Why, even the grocer speculates when in the early morning he drives his wagon to the market for his daily supply of greens, vegetables, and dairy products. So does the butcher in his trade. He figures that his regular patrons will order a certain supply of meat. He also knows that if they fail to do so, what is left over must be made good out of his daily profits.
When the farmer tills his soil and puts it to seed in the spring, he speculates, does he not, on a favorable outcome of his harvest ? Not only does he speculate but long before the time has been reached to garner the fruits of his season's toil, he has already pledged part of the harvest for loans at his bank, depending entirely upon his crops to take them up.
Human endeavor, whichever way it is directed, largely speculates upon a favorable outcome. Thejnanu-facturer invests considerable money in raw products to turn into finished articles, and in labor, counting upon a steady demand from consumers for his profits. If he needs money, he borrows from the bank, expecting to repay the loans from his sales. The wholesale merchant, whether he deals in dry goods, coal, groceries, jewelry, or the dozen and one staple commodities, does the same and assumes the same risk, pitting his judgment against the future.
In going into these minute details, I merely attempt to show what a misconception exists regarding speculation.
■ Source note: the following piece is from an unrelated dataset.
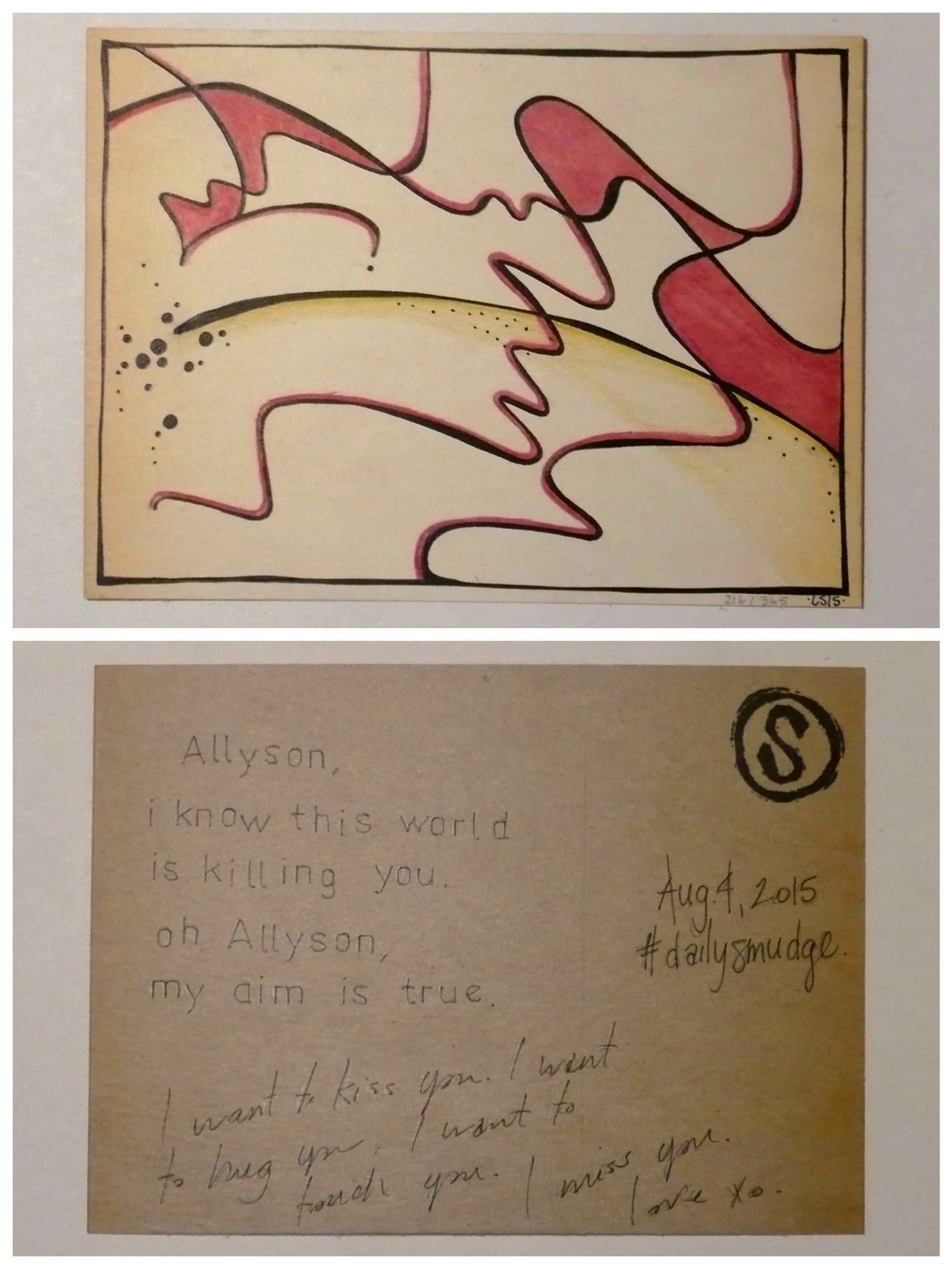 Day 216 of 365 #dailysmudge Share this: Share on X (Opens in new window) X Share on Facebook (Opens in new window) Facebook Like Loading... Published by Allyson Proulx Allyson Proulx is a writer, artist, and speaker. Playing Paper is the name of her social enterprise that offers abolitionist workshops, and note passing services. View all posts by Allyson Proulx

The critics take the shadow for the substance and hold the substance responsible for the evil effects of the shadow.
If a man fails in speculation and is ruined in consequence, he is pitied and speculation pilloried before public opinion as a crime.
If he fails in business as a result of misjudging his opportunities, he is not pitied, but condemned as an incapable business man, although underlying both misfortunes there must have been the same cause, a greed to bite off more than could be cared for, or greed to acquire a fortune quickly, even at the risk of rashness.
There are any number of people who buy real estate or farm lands every year, knowing full well they have not the money to purchase them outright. They make their purchases subject to the encumbrances or mortgages already standing against the property. What money they pay out is for the equity and nothing else. They are confident of their ability to care for the interest on the mortgages. They expect their equity to increase in value sufficiently to enable them to turn over their property to some other buyer at a good profit.
Even the more humble wage-worker does this when he buys his home on the installment plan from a builder, who himself, to construct the house, has already plastered it with a mortgage to his bank, the interest on which mortgage the wage-earner must pay in addition to paying off the equity in easy installments.
In each instance, the buyer is buying on a margin, exactly as he would buy on a margin certain stocks or certain quantities of grain or cotton. Someone else lends him the money on the unpaid balance of which he pays interest. Yet some people hold the open trading in margins to be wrong, to be gambling, while they hold the purchase of real estate on part payment and financing the remainder by a loan to be a legal and ethical transaction. If the one be wrong, the other is also.
Moreover, there are as many failures through overextension in real estate operations as in stock speculation. As many people have their property sold through foreclosure, because of their inability to meet their interest, as have their speculative commitments in stocks closed out through inability to provide more margin.